It’s listed everywhere as Eddie’s Café, but I’ve always known it as Eddie’s Soul Food Café. I would definitely classify this as soul food
, even with the gentrifying yuppies
taking up all the booths.
Located at 800 Divisadero at Folsom in San Francisco, I spent almost every Sunday morning in this little breakfast place during my formative years. My family used to live in an apartment in the Western Addition. One morning, my dad, walking the dog and in search of an early morning grease fix, stumbled upon a corner diner with a menu taped to the window. “Bacon and Eggs,” he read. “Sausage Patty.” “Pork Chop with Hash Browns.” Quivering with delight, he rushed home and joyfully dragged my mother and I to the place where he had seen such wonderful things. “Tell me I’m not dreaming,” he cried, mouth watering and hands trembling. Thus, a family tradition was born.
My father was not, in fact, dreaming. Eddie’s serves yummy, home-cooked food at reasonable prices. (Look at me! I’m a Lyon’s commercial!) The breakfast platters are greasy, just like God meant for them to be. The eggs are always perfect and I’m quite fond of their hash browns. But forget the side dishes – we all know they’re just there to mop up the luscious juices flowing from the meat. And when I go into a diner (or any building, actually – I am the Anti-Vegetarian), I expect my meat to be juicy, flavorful, and abundant.
Eddie’s does not disappoint. I used to always get the sausage, either in link or patty form, and I can definitely vouch for the integrity of sausagekind at Eddie’s. Recently, however, I wanted to pretend I was more grown up and decided to try my dad’s usual order. My order of pork chops came nestled in a bed of hash browns and scrambled eggs. Not only were the chops absolutely divine, they were so succulent that they spread their spicy goodness to the rest of the platter. After cleaning my plate in about 10 seconds flat, I sipped my fresh-squeezed orange juice and sat back and concentrated on resisting the urge to unbutton my pants. Damn straight it’s soul food.
The atmosphere has been contaminated a little by the aforementioned yuppies, but it’s still a delightful place to have breakfast. Every available surface is covered with stickers from this local band or the other, and Eddie’s may possibly have the bumpin’-est jukebox in existence. Coffee and tea is served in selections from an eclectic collection of souvenir and novelty mugs.

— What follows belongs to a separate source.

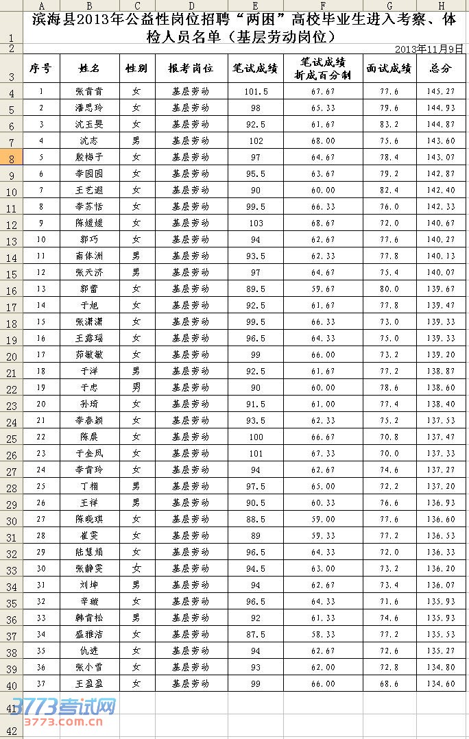 江苏滨海县2013年基层公益性岗位招聘体检名单

And the service! Oh, the service! If you are used to dining at your local Denny's or your parents’ kitchen table, you will be fried to a crisp in the friendly glow of the staff at Eddie’s. The diner is owned and run by a Vietnamese family that spoils you as if you were their only grandchild. How good is this service? How about this: When we came back for a visit five years after moving to another part of the city, the server not only greeted my dad by name but brought him coffee in his favorite mug and remembered his favorite dish! Hot damn we used to eat there a lot!